The first question I had was, why do we need to spend thousands, maybe millions, to hire and pay humans to tag instructional content on the Internet? The geniuses at Google have figured out how to write algorithms to search everything else. Why is education different?, I wondered.
Jay explained the problem with education is that the indexing tools cannot figure out instructional intent. Say, for example, Jay creates an exercise where he has kids take off all their shoes. Then the kids group the shoes in various categories as a way of learning how scientists classify things.
“Unless I write out that intent of ‘categorization’ specifically, that higher level goal that you’re trying to achieve, Google can’t infer that. It has to be written explicitly,” said Jay. “We’re often not explicit about instructional intent in the activities we engage kids in.” That’s where you need humans to describe the instructional materials through metadata.
Naturally, there are a variety of competing efforts to come up with a universal metadata standard. There’s a multi-state tagging initiative. And some organizations, such as Khan Academy, are tagging their videos and online worksheets their own way.
But one of the leading metadata initiatives is something called, the Learning Resource Metadata Initiative or LRMI. It’s funded by the Gates Foundation, which is also among the funders of The Hechinger Report, where I work and which produces this blog.
LRMI has been at this for more than two years and it’s taken this group of experts, which Jay is a part of, a long time to even come to an agreement on what the categories of metadata should be. Some people wanted instructional material tagged by grade level, from preschool to college. Others wanted a child’s age specified. Some people wanted to include ratings to help teachers and parents judge the quality of content, like the star ratings on Yelp. But that “paradata” has been pushed to the back burner for another time. In the end, the LRMI working group settled on this list:
1) Target audience (students, teachers, parents)
2) Aligns with which educational standards (Common Core, Next Generation Science Standards, other international standards)
3) Purpose (assignment, group work, field trip, reading)
4) Time required (30 minutes, 1 hour)
5) Age range of end user (5-7, 7-9)
6) Intellectual property rights (open resource, specific publisher)

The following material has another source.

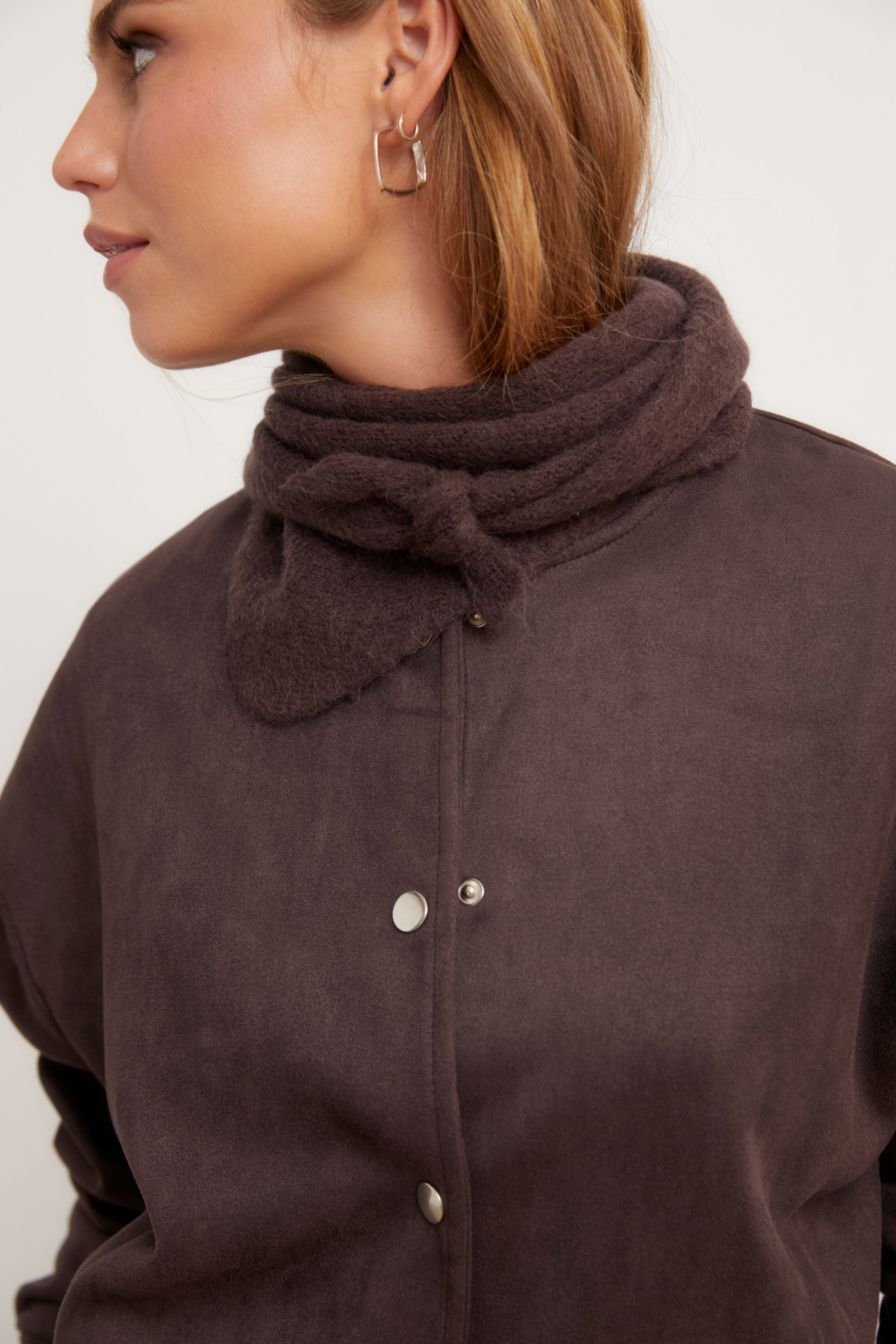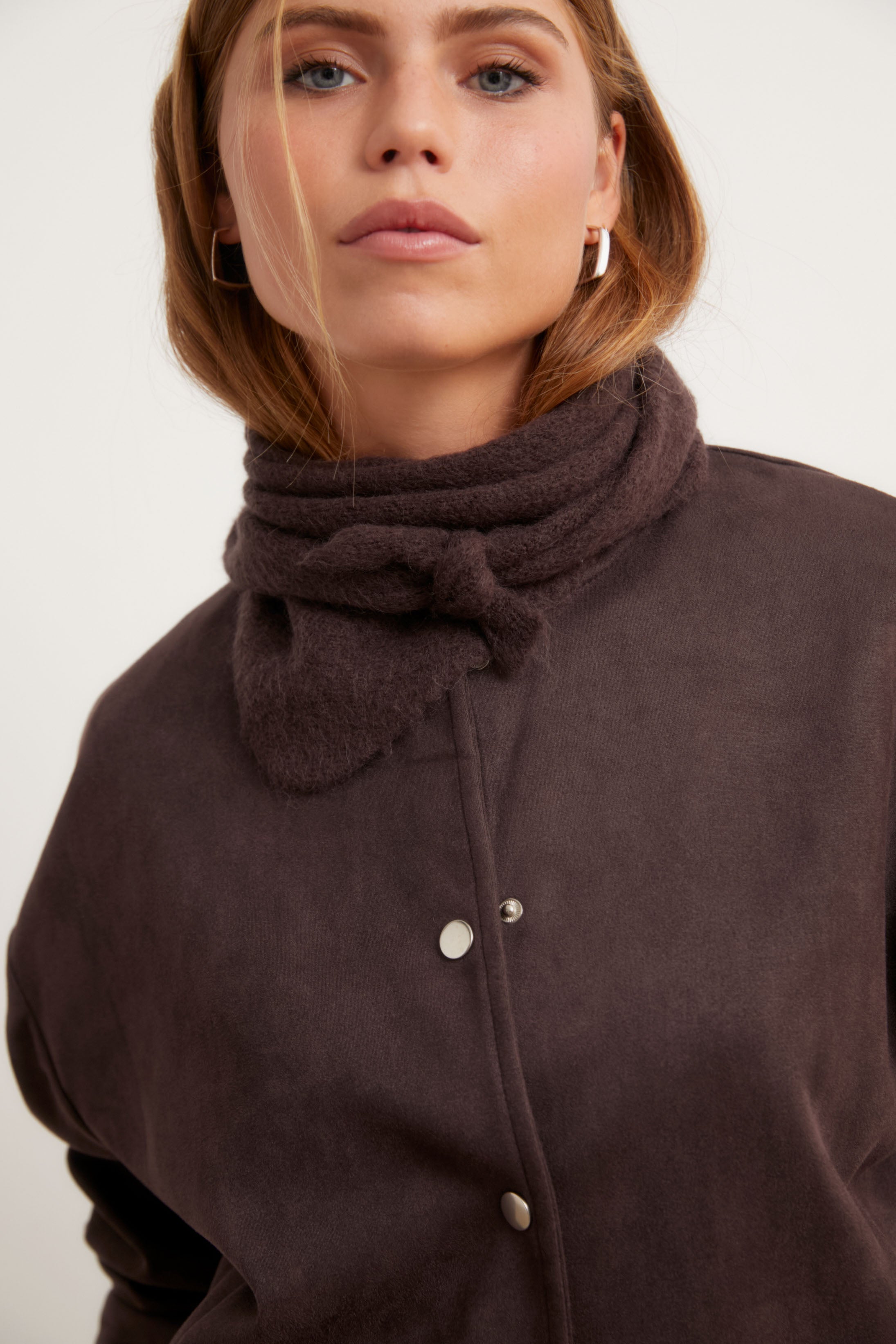 Perfecto para llevar con chaquetas de efecto ante o abrigos cortos, aportando un toque cálido a los estilismos de diario. Combínalo con prendas en tonos beige, topo o gris para un conjunto armónico de inspiración otoñal.

Even with the categories in place, there are plenty of controversies on how to tag properly. For example, an educational video game might have multiple purposes. Educators even argue about simple things. What is a book in our digital-reader age?
Mediating these controversies is difficult. Some suggest crowd sourcing can resolve disputes. But Jay argues there should be a governance structure. “If you ask 10 educators about something, you get 15 answers. Crowd sourcing doesn’t work with education,” he said.
A big breakthrough for the metadata folks happened two months ago, when Schema.org adopted the metadata categories established by the Learning Resource Metadata Initiative (LRMI). That’s an important step because all the major search engines, from Google to Yahoo to Bing, use schema.org.
So, far only one organization has created an intelligent search engine using the new education metadata. That’s ISLE, the Illinois Shared Learning Environment, and it was rolled out only three weeks ago in July 2013. It has 170,000 educational resources tagged in its search engine. InBloom is working on a search engine using the same LRMI metadata.
The big goal is for a major search engine, such as Google, to use the LRMI metadata and launch a search engine for educational content. When that will be is anyone’s guess. Back in the fall of 2011 Google was excitedly talking about rolling out an education search engine, but it seems to have pulled back since then.
Jay says it’s a classic chicken and egg problem. “They (a major search engine) want to do it as soon as there’s a critical mass (of tagged educational content), but how do you get a critical mass until they do it.”